Ustekinumab biosimilar shows potential against moderate-to-severe psoriasis

Outcomes are similar among patients with moderate-to-severe psoriasis who continued treatment with ustekinumab and those who switched to BAT2206, a drug being developed as a biosimilar of ustekinumab, according to a study.

“Equivalent efficacy and comparable safety results of BAT2206 and ustekinumab in patients with moderate-to-severe psoriasis up to week 28 (treatment period [TP] 1) have been reported previously,” the authors said. “TP2 (post week 28 to 52) results are presented here.”

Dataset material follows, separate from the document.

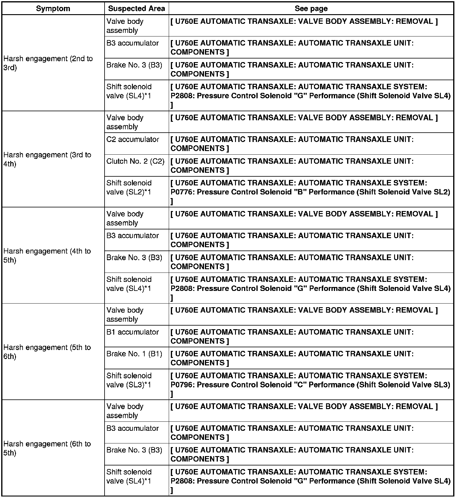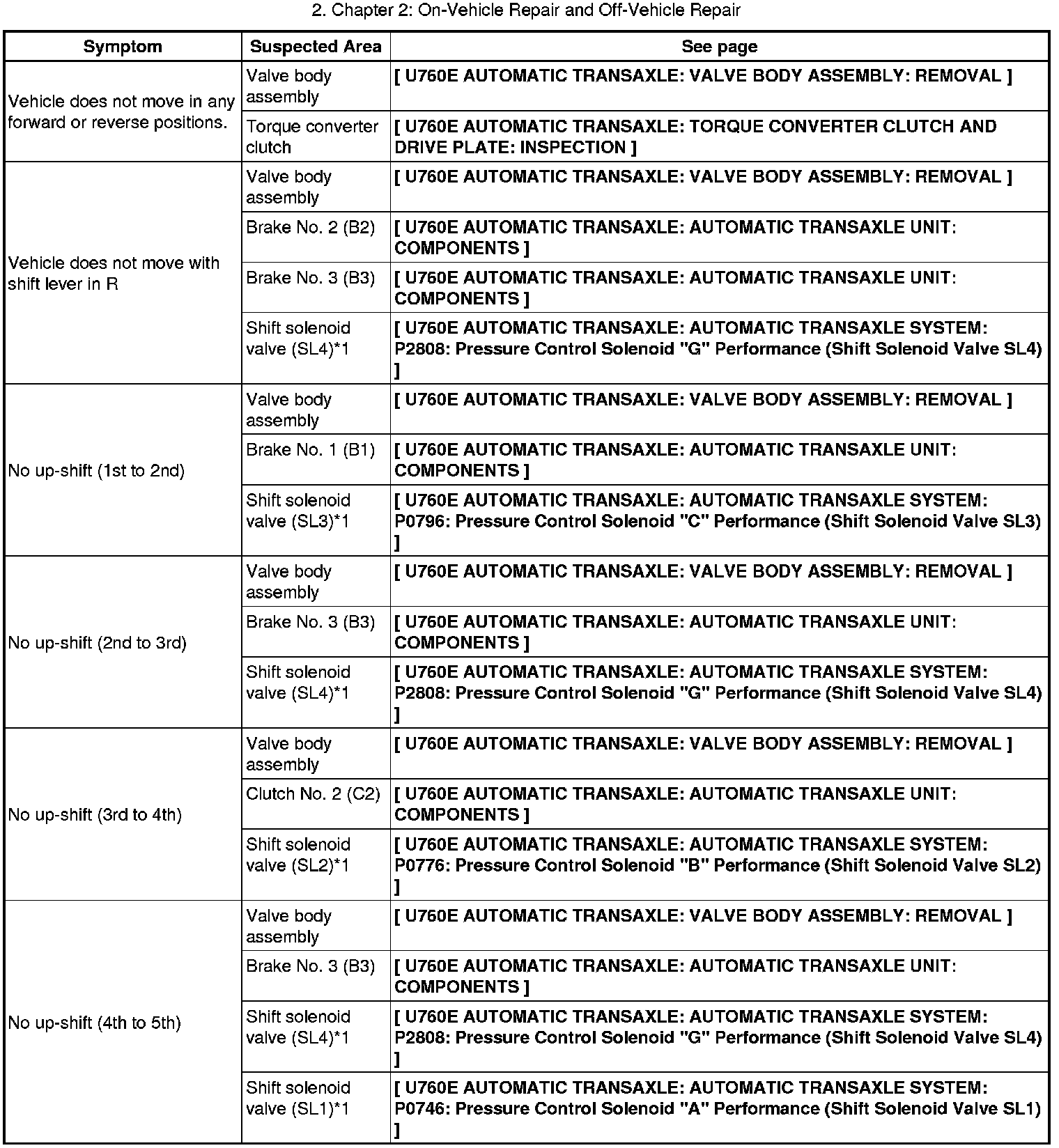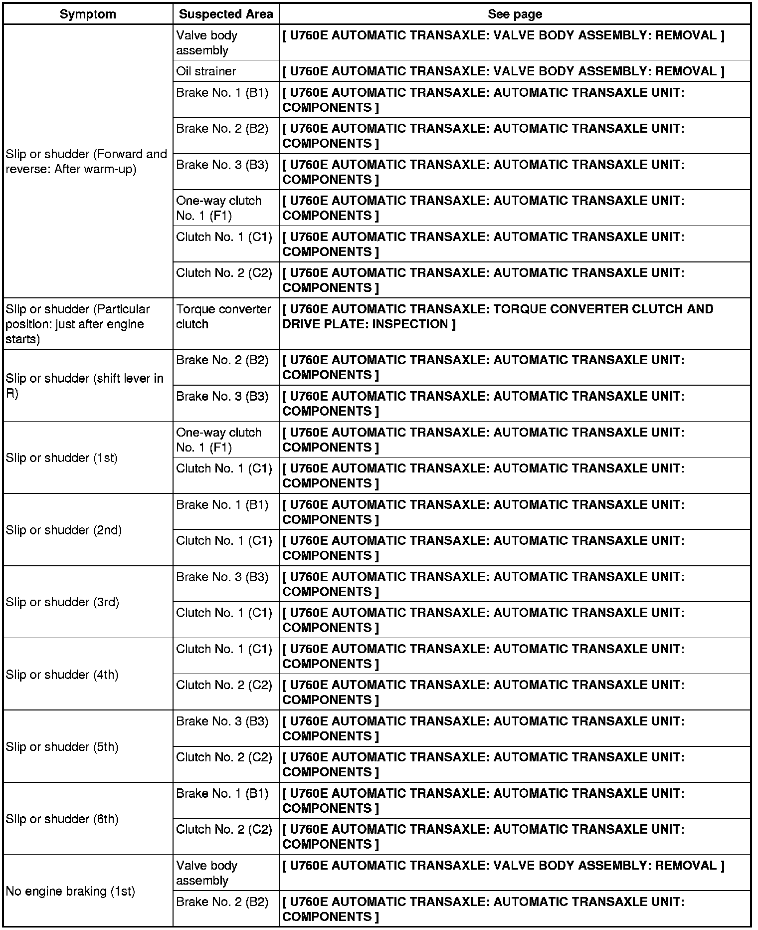 U760E AUTOMATIC TRANSAXLE: AUTOMATIC TRANSAXLE SYSTEM: PROBLEM SYMPTOMS TABLE

A total of 528 patients who achieved Psoriasis Area and Severity Index response (≥75) at week 28 entered TP2. Qualified patients in the ustekinumab group from TP1 were rerandomized 1:1 to ustekinumab-BAT2206 or ustekinumab-ustekinumab groups, while qualified patients in the BAT2206 group continued using the biosimilar.

In TP2, the authors assessed secondary efficacy endpoints, pharmacokinetics, safety, and immunogenicity at weeks 32, 40, 44, and 52.

Of the patients who entered TP2, 133 were assigned to ustekinumab-ustekinumab, 131 to ustekinumab-BAT2206, and 264 to BAT2206-BAT2206 groups.

No significant differences in secondary efficacy endpoints and adverse events were observed across all three groups. No notable differences were also noted in the ustekinumab serum concentrations. Furthermore, immunogenicity was similar, and switching from ustekinumab to BAT2206 did not result in increased immunogenicity.

This study was limited by the lack of collected data after week 52, according to the authors.